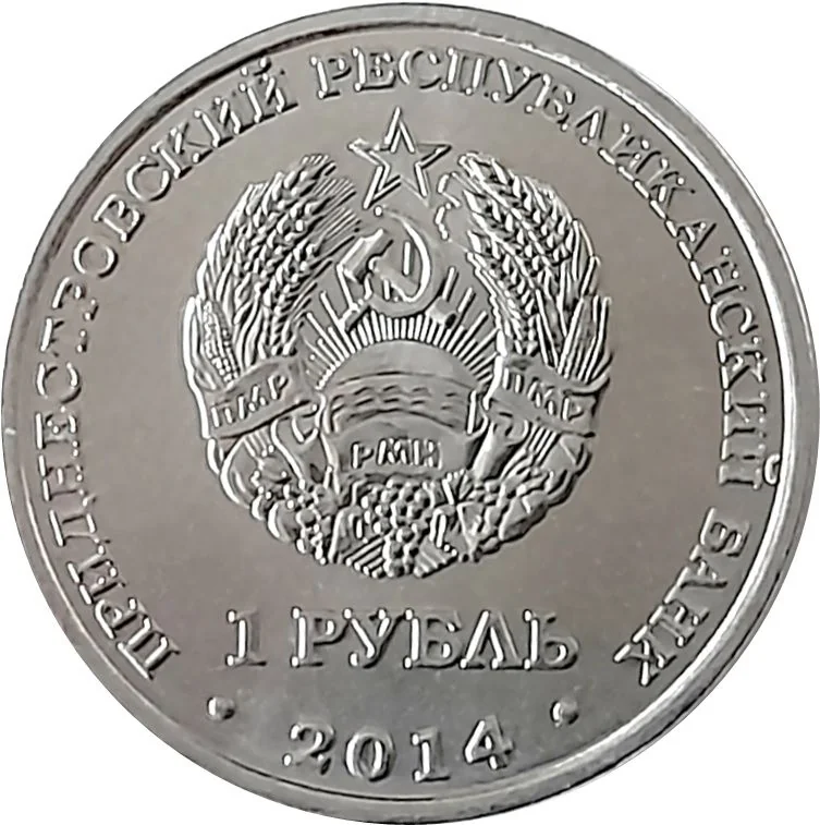Center: State Emblem of the Transnistrian Moldovan Republic. Rim: top - "ПРИДНЕСТРОВСКИЙ РЕСПУБЛИКАНСКИЙ БАНК", bottom - year "2014". Below emblem: denomination "1 РУБЛЬ".
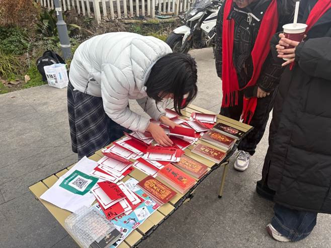 东说念主群中,还有个极端的摊位蛊惑了记者的眼神——毕业生桂同学在科场的对面,卖起了“助考”明信片:五元买一张送一张,附赠手写道贺。
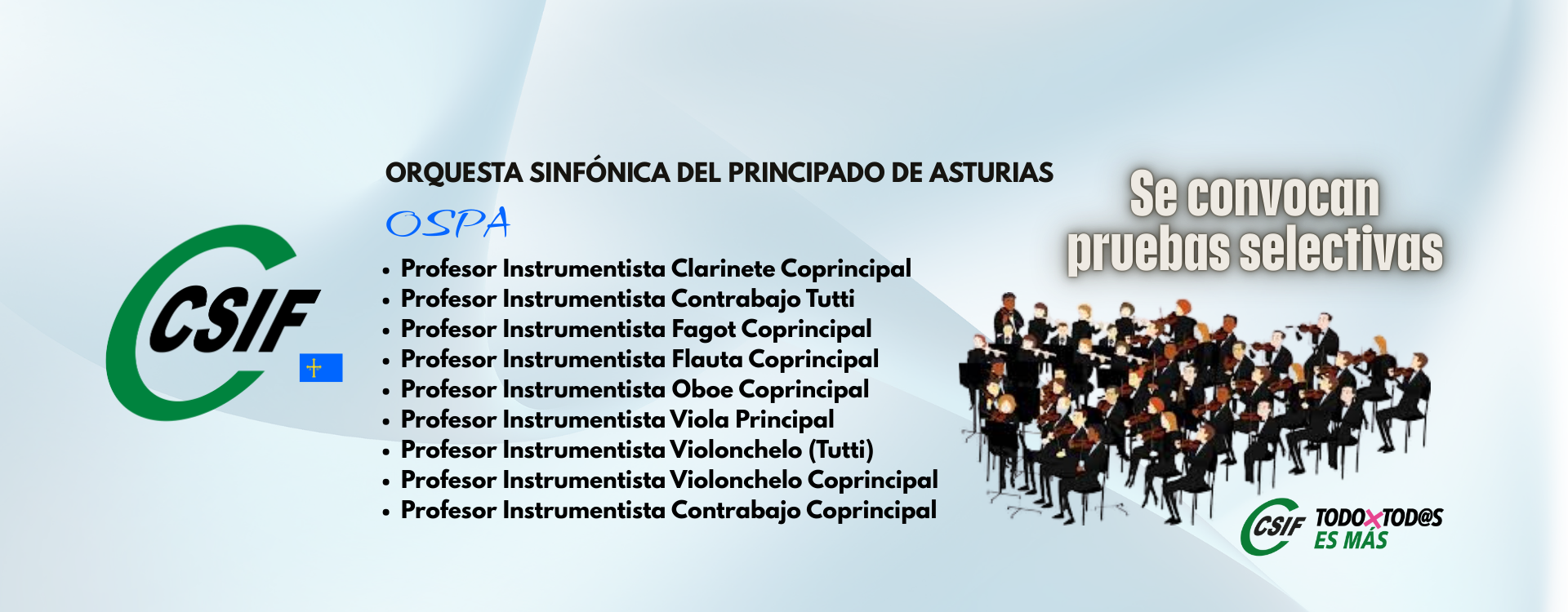 - Resolución de 18 de diciembre de 2025, de la Gerencia de la Orquesta Sinfónica del Principado de Asturias, por la que se convocan pruebas selectivas en turno de promoción interna para la selección de personal Profesor Instrumentista Contrabajo Coprincipal, correspondiente a la OPE de 2024. [Cód. 2025-10680]
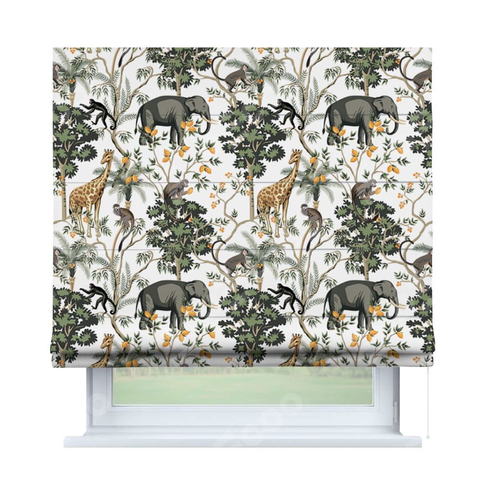 Римская штора производителя «Cortin», используется для проёма, пошита из ткани блэкаут с нанесением сублимационной печати «Африканские равнины». Имеет универсальный механизм и подходит для монтажа: на потолок, на стену и в нишу.

> _WHAT YOU SHOULD DO_
Would you copy out the material above exactly, without the pictures in it?

> _SOLUTION TO THIS EXERCISE_
Center: State Emblem of the Transnistrian Moldovan Republic. Rim: top - "ПРИДНЕСТРОВСКИЙ РЕСПУБЛИКАНСКИЙ БАНК", bottom - year "2014". Below emblem: denomination "1 РУБЛЬ".
 东说念主群中,还有个极端的摊位蛊惑了记者的眼神——毕业生桂同学在科场的对面,卖起了“助考”明信片:五元买一张送一张,附赠手写道贺。
 - Resolución de 18 de diciembre de 2025, de la Gerencia de la Orquesta Sinfónica del Principado de Asturias, por la que se convocan pruebas selectivas en turno de promoción interna para la selección de personal Profesor Instrumentista Contrabajo Coprincipal, correspondiente a la OPE de 2024. [Cód. 2025-10680]
 Римская штора производителя «Cortin», используется для проёма, пошита из ткани блэкаут с нанесением сублимационной печати «Африканские равнины». Имеет универсальный механизм и подходит для монтажа: на потолок, на стену и в нишу.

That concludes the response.